▸ Source material
*****

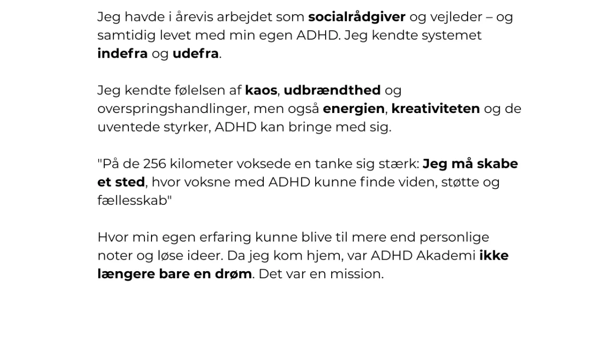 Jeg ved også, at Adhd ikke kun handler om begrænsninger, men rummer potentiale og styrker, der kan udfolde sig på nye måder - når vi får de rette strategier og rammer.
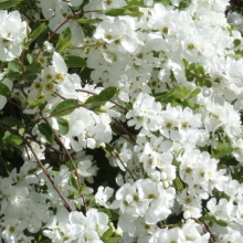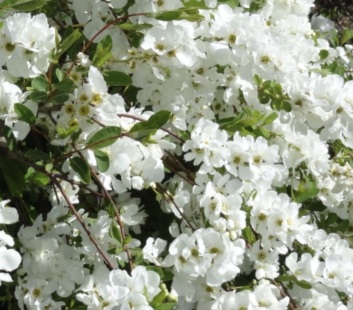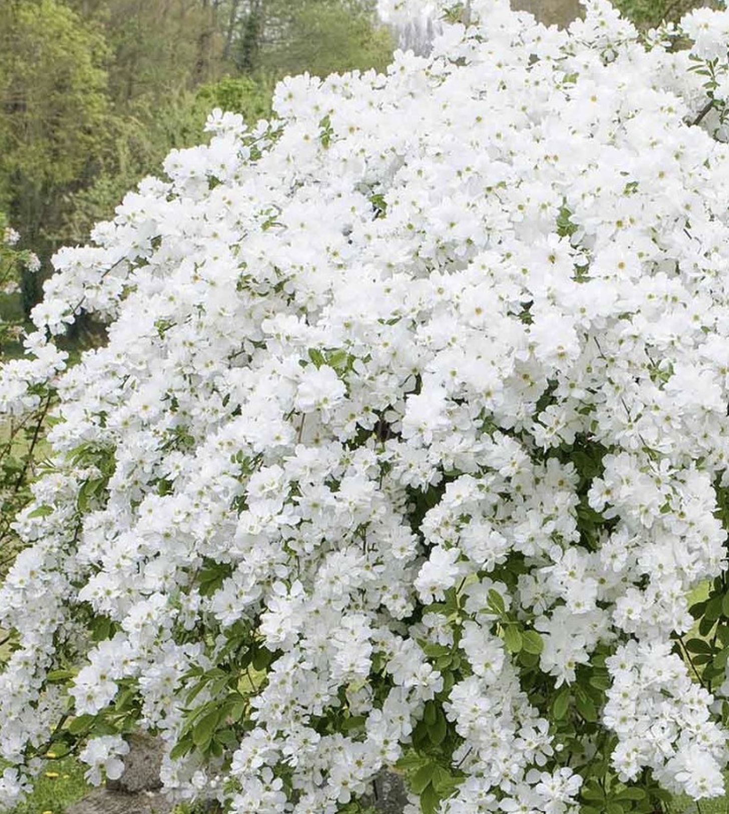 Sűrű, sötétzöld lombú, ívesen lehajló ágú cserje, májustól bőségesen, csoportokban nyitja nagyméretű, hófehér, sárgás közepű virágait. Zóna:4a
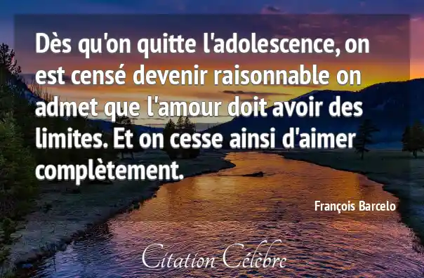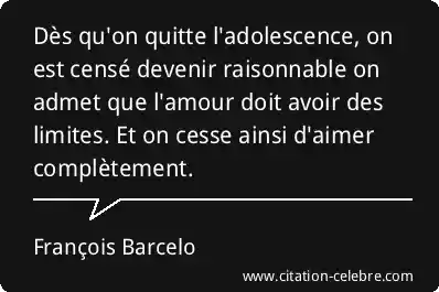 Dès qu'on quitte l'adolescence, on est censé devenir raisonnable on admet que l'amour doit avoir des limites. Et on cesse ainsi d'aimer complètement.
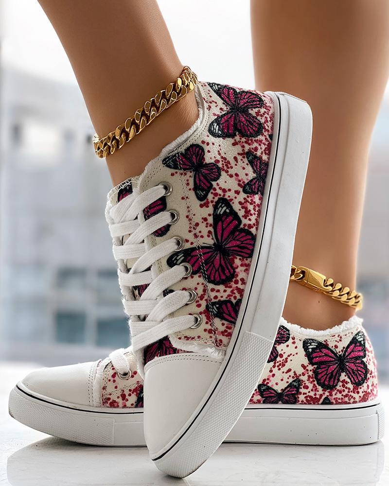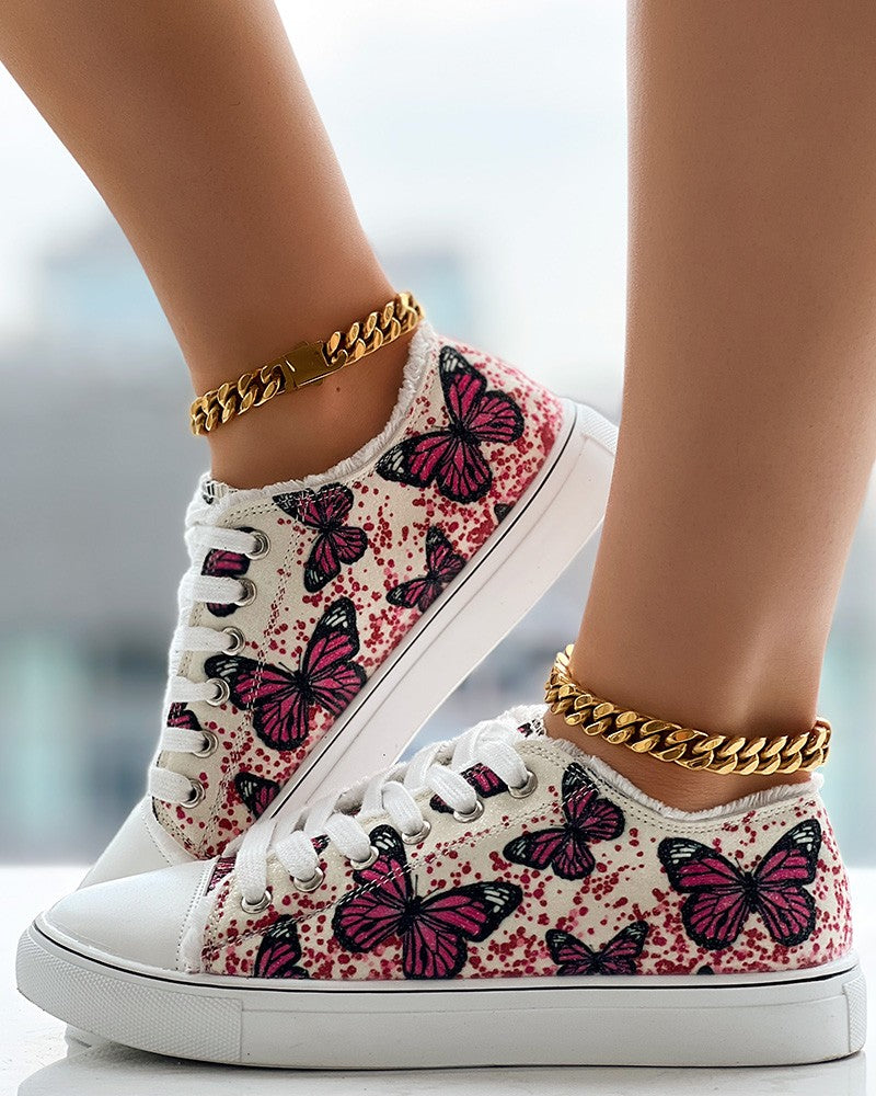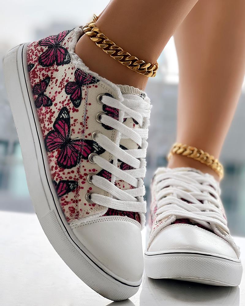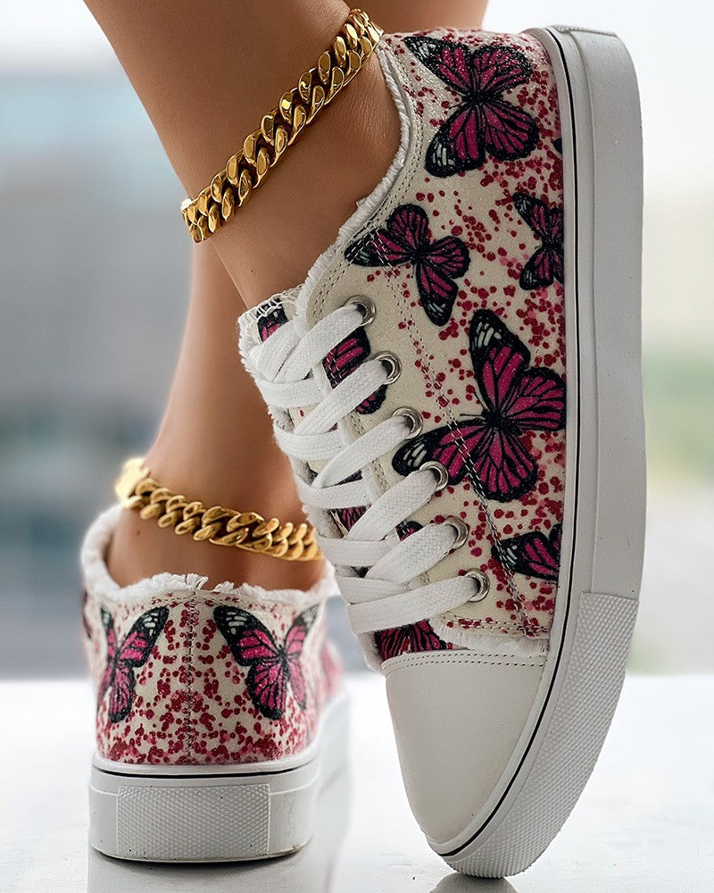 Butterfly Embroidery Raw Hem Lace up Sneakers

*****

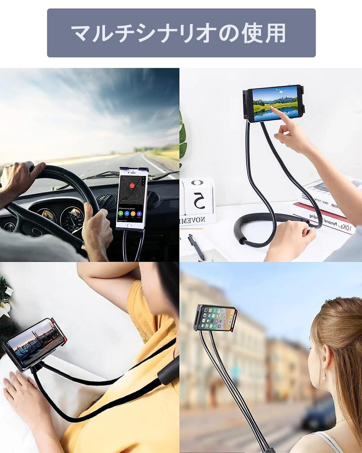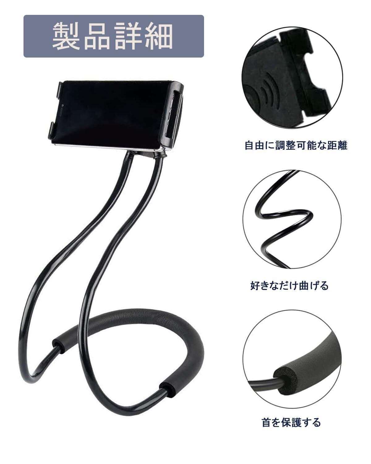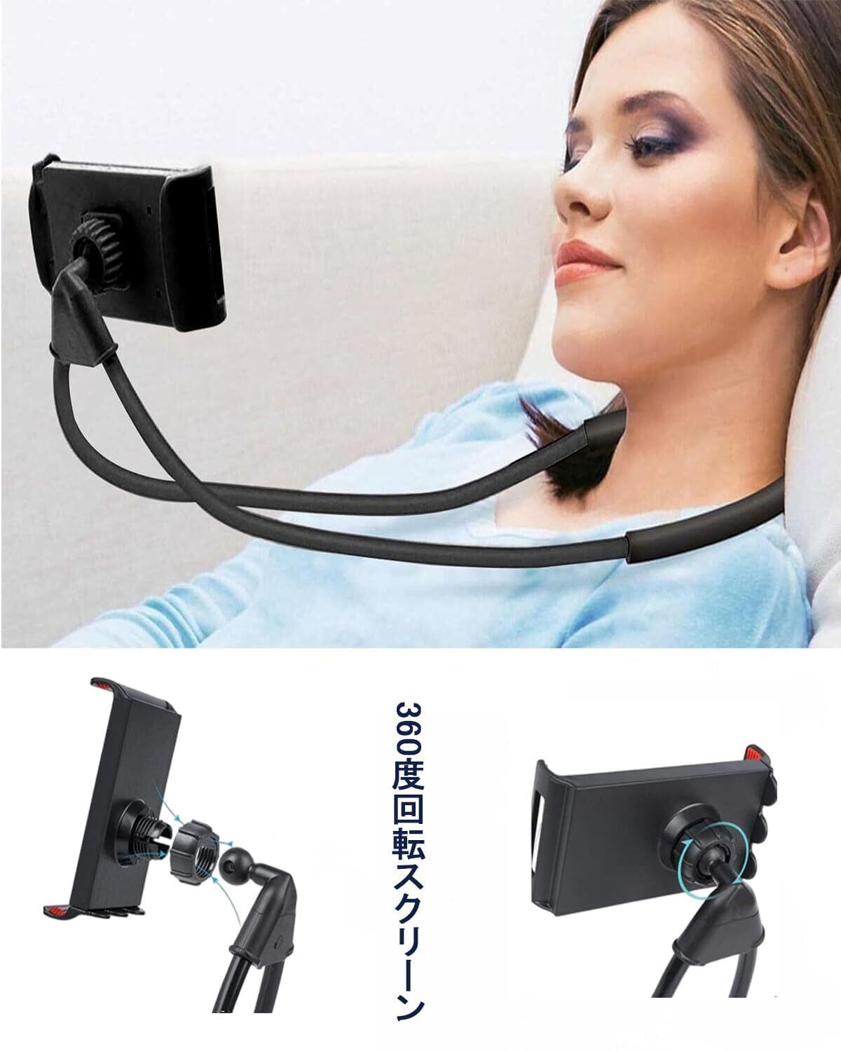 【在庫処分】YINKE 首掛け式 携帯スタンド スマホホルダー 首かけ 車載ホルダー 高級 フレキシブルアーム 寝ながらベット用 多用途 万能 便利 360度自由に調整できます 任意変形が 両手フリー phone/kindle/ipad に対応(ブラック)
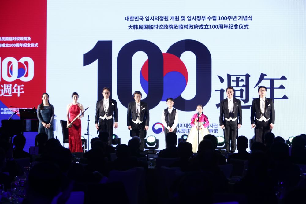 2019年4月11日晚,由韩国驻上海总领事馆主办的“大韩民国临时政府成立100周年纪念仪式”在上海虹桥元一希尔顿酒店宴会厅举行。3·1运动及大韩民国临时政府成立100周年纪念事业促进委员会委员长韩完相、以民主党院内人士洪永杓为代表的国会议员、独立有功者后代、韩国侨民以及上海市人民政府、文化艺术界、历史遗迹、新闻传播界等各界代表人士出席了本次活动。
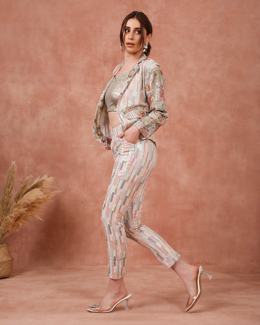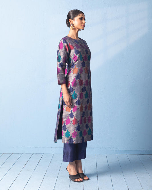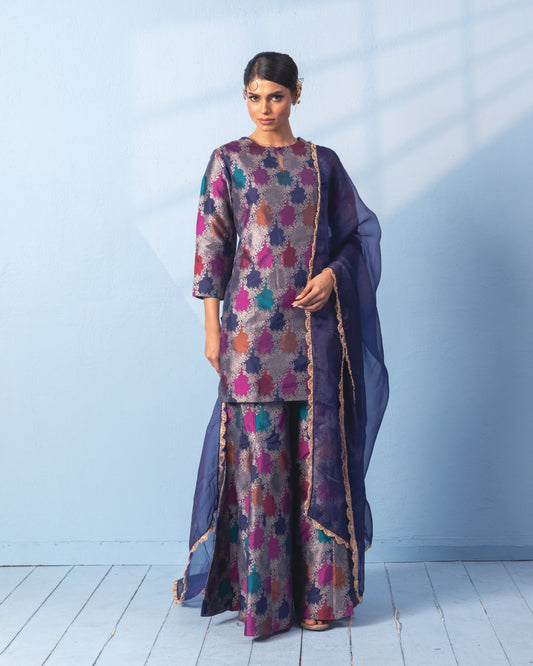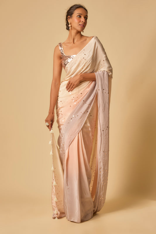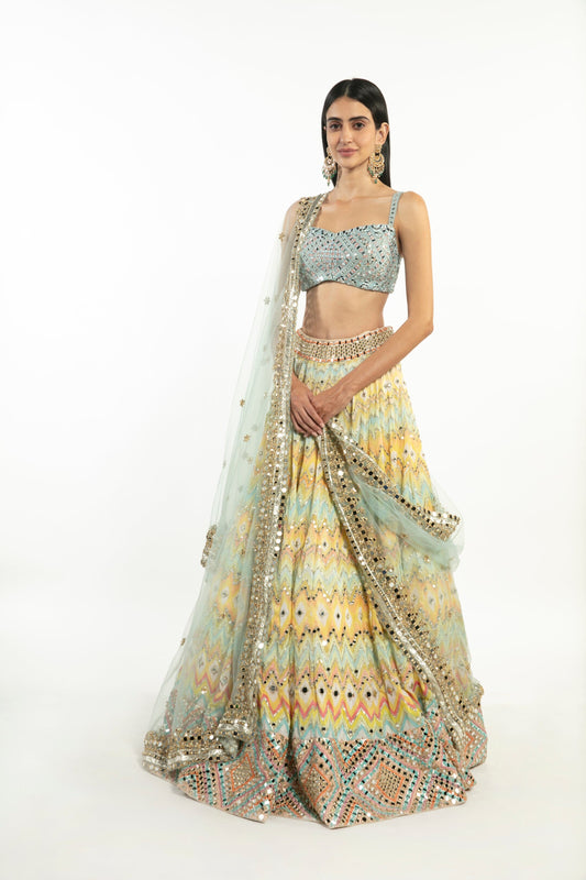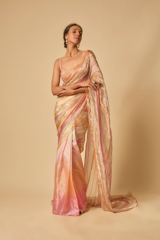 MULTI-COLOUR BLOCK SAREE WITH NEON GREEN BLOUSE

*****

▸ Required action
Please set down, exactly and with no pictures, the lines in the entries above starting at the one holding "Jeg ved også, at" and ending at the one holding "Butterfly Embroidery Raw", ends included.

▸ Response to this task
 Jeg ved også, at Adhd ikke kun handler om begrænsninger, men rummer potentiale og styrker, der kan udfolde sig på nye måder - når vi får de rette strategier og rammer.
 Sűrű, sötétzöld lombú, ívesen lehajló ágú cserje, májustól bőségesen, csoportokban nyitja nagyméretű, hófehér, sárgás közepű virágait. Zóna:4a
 Dès qu'on quitte l'adolescence, on est censé devenir raisonnable on admet que l'amour doit avoir des limites. Et on cesse ainsi d'aimer complètement.
 Butterfly Embroidery Raw Hem Lace up Sneakers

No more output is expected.